Population sample and study design

This is a longitudinal study with data from the Add Health study, a nationally representative sample of adolescents in grades 7–12 in the U.S. followed from adolescence through adulthood. During 1994 and 1995, over 90,000 students from a sample of 80 high schools and 52 middle were selected with unequal probability of selection completed in-school questionnaires, and 20,745 of them were selected to participate in the Wave I in-home interview in 1994 [27]. Wave V in-home sample was followed in 2016–2018 (Wave V, n = 12,300, age range 33–39 years). Those participants with missing data at baseline and at Wave V on 24-h movement behaviors (n = 3,534), and/or older than 18 years old (n = 5,286), and/or diagnosed with depression at Wave I previous than 18 years old (“How old were you when you were diagnosed by a doctor, nurse or other health care provider with depression?”) (n = 565), and/or suicidal attempt at Wave I (“During the past 12 months, how many times did you actually attempt suicide?”) (n = 471), were also excluded. The final sample included 7,069 participants (56.8% women).

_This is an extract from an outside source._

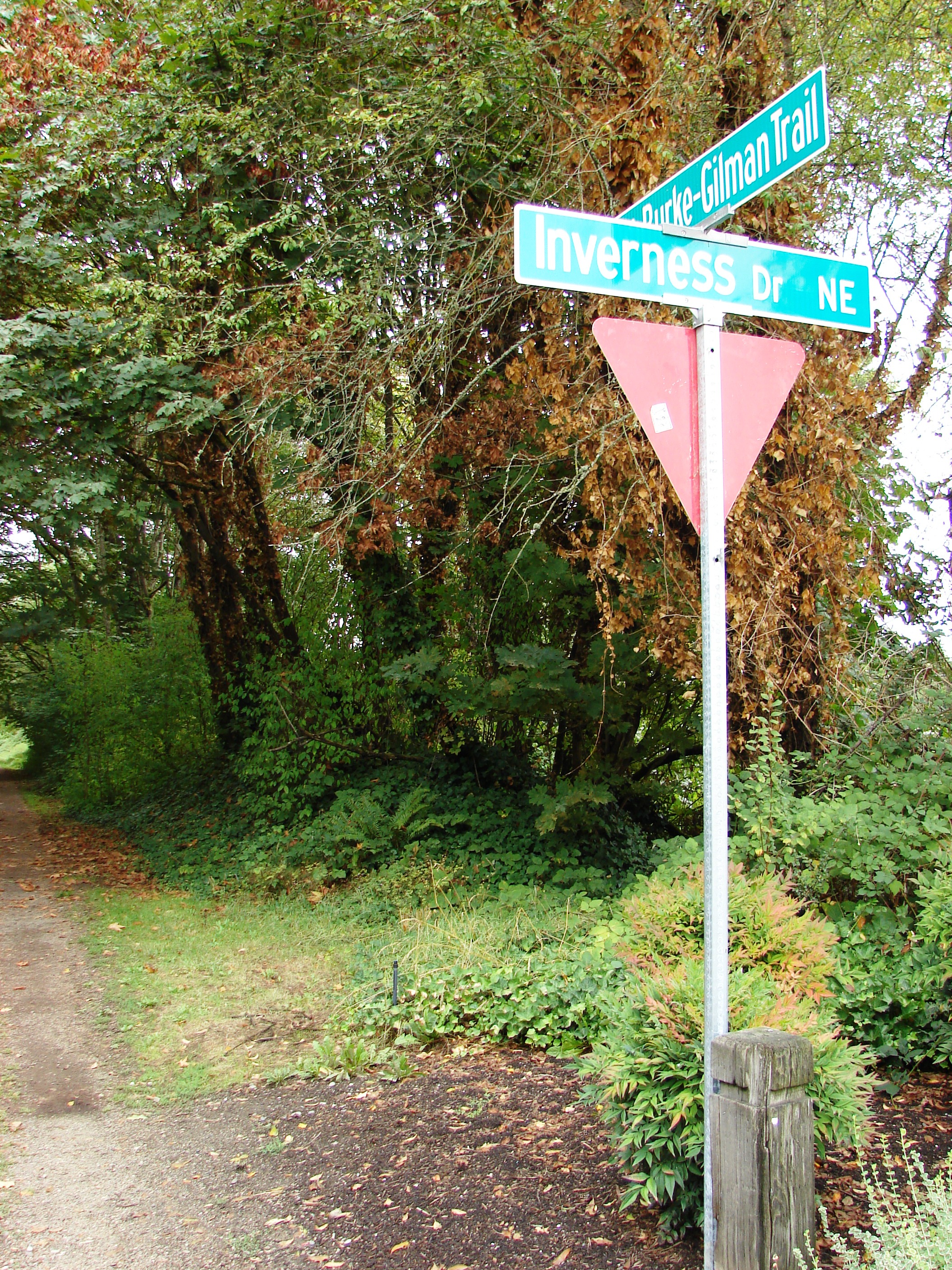 Looking north on the Burke Gilman Trail where it crosses the entrance driveway to Inverness. In the time that I stood watching bicyclists on the Trail, none slowed down to see whether any cars were coming across. Photo by Valarie.

A chi-square analysis was conducted to compare adolescents included in the final sample with the remaining participants who were not included in the analysis. There were no differences in both depression (p = 0.910) and suicidal ideation (p = 0.811) at Wave V between adolescents who were included or not in the final sample. Therefore, it could be assumed that missing data did not meaningfully influence results within the analytic sample.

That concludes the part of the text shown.